Not only is that utterly false-- it is also hilariously ironic. Both Venezuela and Iran utilize democracy. For all their faults, both nations follow the democratic pattern advocated by Jeff. And, the end result for both nations has been tyranny.

The following are just some of the evidence CONTRARY TO the proposition that our country was founded on democracy or that democracy was it's central purpose:

Length of term limits
Term-limits (for the President)
Requirements for A1 & A2
Life-time tenure for A3 Judges
Electoral College
The Entire Bill of Rights (1-10)
Article 5 (Amendment Process)
Reconstruction Amendments (13-15)

Liberty (which should NEVER be considered synonymous with democracy) was this nation's "central purpose" or "foundational idea." The Framers believed in natural rights and wanted to create a national bulwark to thwart the tyranny of the majority where necessary.

[Ed. Note: The picture is from StateNet, a site I found while looking for a picture of a ballot box with a gun barrel sticking out of it.]


  1. should see my prior post.

  2. Good post, Fred. I think Jeff has fallen into a common misconception most U.S. citizens I have met have fallen into. Democracy, in fact, scared the daylights out of the founding fathers--Madison, in particular. They were concerned with precisely using democracy as a check (albeit a limited one) on abuse of central power, while at the same time mitigating the possibility for the very check to become a tool for a radical dictator to take over--i.e., Hitler was popularly elected, Jeff. This is why the founders were concerned, not enthralled, with democracy.

  3. I don't think Hitler was popularly elected, 12:34, but the point's well tkaen though I doubt Jeff will care.

  4. What's popularly elected mean? Is POTUS popularly elected? Weimar Germany was a parliamentary democracy. Hitler's Nazi party won a large plurality of the vote in the 1932 election, gaining 37.8%. Considering there were 14 parties competing and gaining seats, that's about as good as you can get.

  5. Fred --

    While you're undoubtably right that the Founders were concerned about democracy, your argument overlooks what I would say are two important points that problematize your claim:

    First, you're clearly a deep believer in the power and self-evidence of liberalism and liberty. Clearly, many of the Founders were as well. However, to say that it was its founding ideal may overstate the case -- while certain liberal principles were offered in the Declaration as the philosophical reason for a right to rebel against Crown and Parliament, the practical reason for the revolution was "no taxation without representation." So even at the very beginning, what was radical about the American Revolution was its call for democracy.

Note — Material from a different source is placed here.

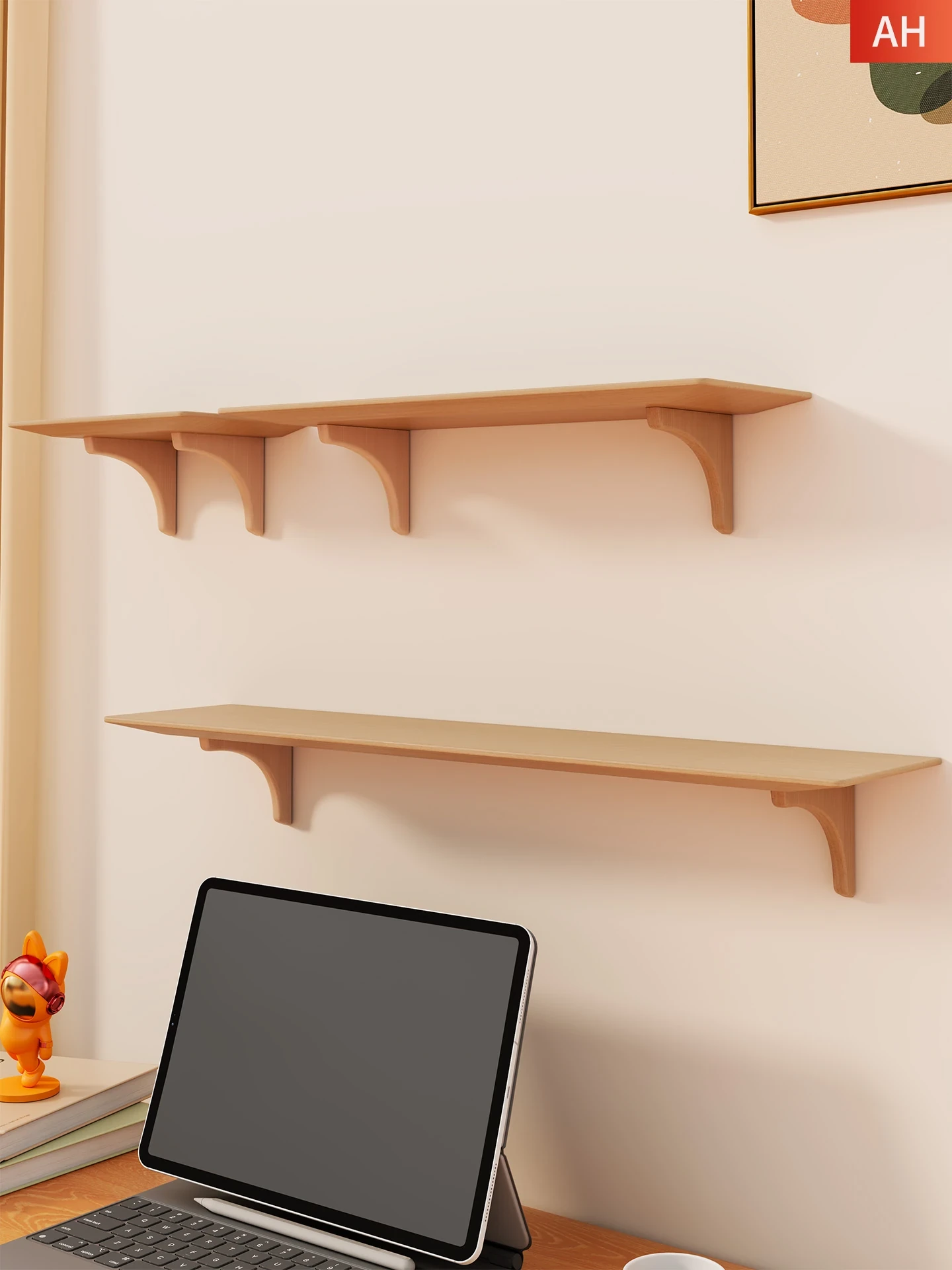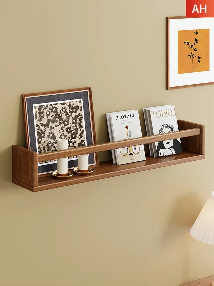 高品質な無垢材のウォールシェルフ - リビングルームに最適な書棚!一字型デザインでベッドサイドにもぴったり、壁掛けカメラスタンドとしても活用できる多機能アイテム!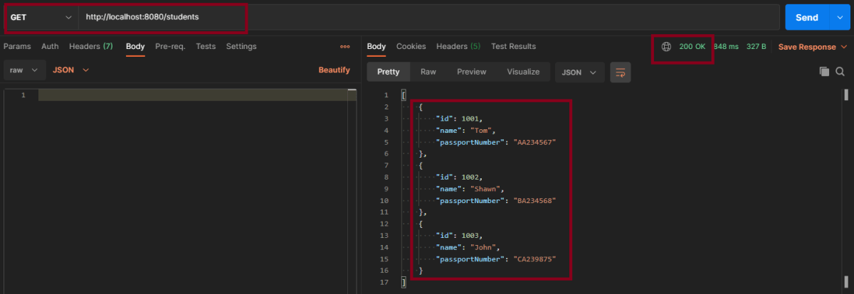 Retrieve all Students – @GetMapping(“/students”)

    This is further supported by the fact that England at this time was a very liberal country by the standards of the day -- the King had been a limited monarch since the Glorious Revolution, there was a large body of unwritten constitutional law (which by fact of being unwritten more closely approximates the natural rights you talk about), and there was a fairly robust liberal society.

    So ... if Britain was a liberal society, or had the makings of one, why did the Founders feel the need to revolt? Frankly, when compared to the French or Russian Revolutions, the American colonists had relatively little cause (so far as I know; I haven't read anything about the actual economic effects of the Intolerable Acts, though I would like to).

    I would put forth that the answer was democracy, of some form or another.

    Which leads into my second point:

    The Founders were all white male landowners, and therefore their concern about democracy might have been particular instead of universal.

    I don't think they were wrong, as wealthy landowners, to fear democracy. The problem(?) of stealing from the rich to give to the poor is uniquely difficult to solve by majority vote when the poor outnumber the rich, though the privileged classes nevertheless done a pretty good protecting their privileges over the past two and a half centuries.

    Therefore, I believe that the restraints on democracy in our constitutional structure should not be read to unseat the centrality of democracy, but rather to solve what is an effect the equivalent of a market failure: the problem of overappropriation of wealth.

    Restraints on majority rule are good; though designed to protect privilege, they have been used to protect rights. Furthermore, it is appropriate from a utilitarian view and a Rawlsian one to allow the wealthy to keep most of their wealth.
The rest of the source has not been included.